QUIZ No. 11
Case 11
A 42-year-old male patient presents with abdominal pain and distension. CECT abdomen and pelvis was performed. What is the most likely diagnosis?
Diagnosis: Rectal neuroendocrine tumor with hepatic metastases (mulberry appearance)
Findings: CECT abdomen demonstrates hepatomegaly with extensive bilobar involvement by multiple, variably sized hypodense lesions. These lesions are closely packed and show a tendency to coalesce, forming large lobulated masses with irregular, bosselated margins. Individual lesions demonstrate central low attenuation suggestive of necrosis with relatively denser peripheral viable tumor, producing a characteristic clustered or “mulberry-like” appearance. No true cystic features or daughter cysts are identified. An associated rectal mass is noted, which appears bulky with transmural/exophytic component rather than a purely submucosal lesion, suggesting an aggressive primary tumor.
Discussion
Ø The “mulberry appearance” of liver metastases refers to multiple coalescent metastatic nodules with central necrosis and peripheral viable tumor, giving a lobulated clustered morphology. This pattern is classically associated with hypervascular metastases, most commonly from neuroendocrine tumors (NETs).

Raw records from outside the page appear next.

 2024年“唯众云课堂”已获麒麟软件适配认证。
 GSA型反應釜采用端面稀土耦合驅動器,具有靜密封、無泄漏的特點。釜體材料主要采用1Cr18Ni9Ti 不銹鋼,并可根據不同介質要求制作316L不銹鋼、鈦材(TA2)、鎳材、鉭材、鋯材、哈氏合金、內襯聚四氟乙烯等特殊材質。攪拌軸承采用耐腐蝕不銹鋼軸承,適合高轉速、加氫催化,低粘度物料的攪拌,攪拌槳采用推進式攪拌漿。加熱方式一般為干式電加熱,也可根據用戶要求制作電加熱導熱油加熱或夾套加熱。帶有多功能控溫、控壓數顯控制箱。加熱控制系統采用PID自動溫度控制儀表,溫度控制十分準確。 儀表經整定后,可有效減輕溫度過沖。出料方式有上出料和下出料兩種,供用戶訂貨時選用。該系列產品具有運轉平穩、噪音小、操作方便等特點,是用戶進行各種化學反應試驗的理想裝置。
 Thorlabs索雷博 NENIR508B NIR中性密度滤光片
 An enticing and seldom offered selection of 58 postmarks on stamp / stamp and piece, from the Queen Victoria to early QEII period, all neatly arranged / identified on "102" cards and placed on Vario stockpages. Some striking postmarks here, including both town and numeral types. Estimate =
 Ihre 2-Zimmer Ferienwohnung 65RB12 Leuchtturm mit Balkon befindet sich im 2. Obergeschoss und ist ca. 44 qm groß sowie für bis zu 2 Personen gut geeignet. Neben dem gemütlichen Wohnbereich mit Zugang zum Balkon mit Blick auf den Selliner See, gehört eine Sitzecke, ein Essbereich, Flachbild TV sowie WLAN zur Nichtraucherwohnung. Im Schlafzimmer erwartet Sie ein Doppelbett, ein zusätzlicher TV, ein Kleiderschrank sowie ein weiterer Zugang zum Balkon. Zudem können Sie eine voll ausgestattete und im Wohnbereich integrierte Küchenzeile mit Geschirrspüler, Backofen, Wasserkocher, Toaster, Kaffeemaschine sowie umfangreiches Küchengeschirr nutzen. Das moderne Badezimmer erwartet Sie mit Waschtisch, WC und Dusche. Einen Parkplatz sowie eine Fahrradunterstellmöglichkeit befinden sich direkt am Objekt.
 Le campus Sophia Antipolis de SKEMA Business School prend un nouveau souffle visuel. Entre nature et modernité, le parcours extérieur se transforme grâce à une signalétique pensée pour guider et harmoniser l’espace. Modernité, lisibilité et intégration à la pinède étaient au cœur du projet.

Ø Neuroendocrine tumors frequently metastasize to the liver via hematogenous spread, often resulting in multiple bilobar lesions. These metastases are typically hypervascular and may undergo central necrosis as they enlarge, producing the characteristic appearance seen in this case.
Ø This clustered coalescent morphology has been described in hypervascular metastases, particularly neuroendocrine tumors, due to rapid growth and necrosis
Ø Diagnosis can be confirmed with serum markers (Chromogranin A, 5-HIAA) and functional imaging such as Ga-68 DOTATATE PET.
Teaching pearl:
Multiple coalescing necrotic liver metastases producing a “mulberry appearance” are highly suggestive of neuroendocrine tumor metastases rather than adenocarcinoma.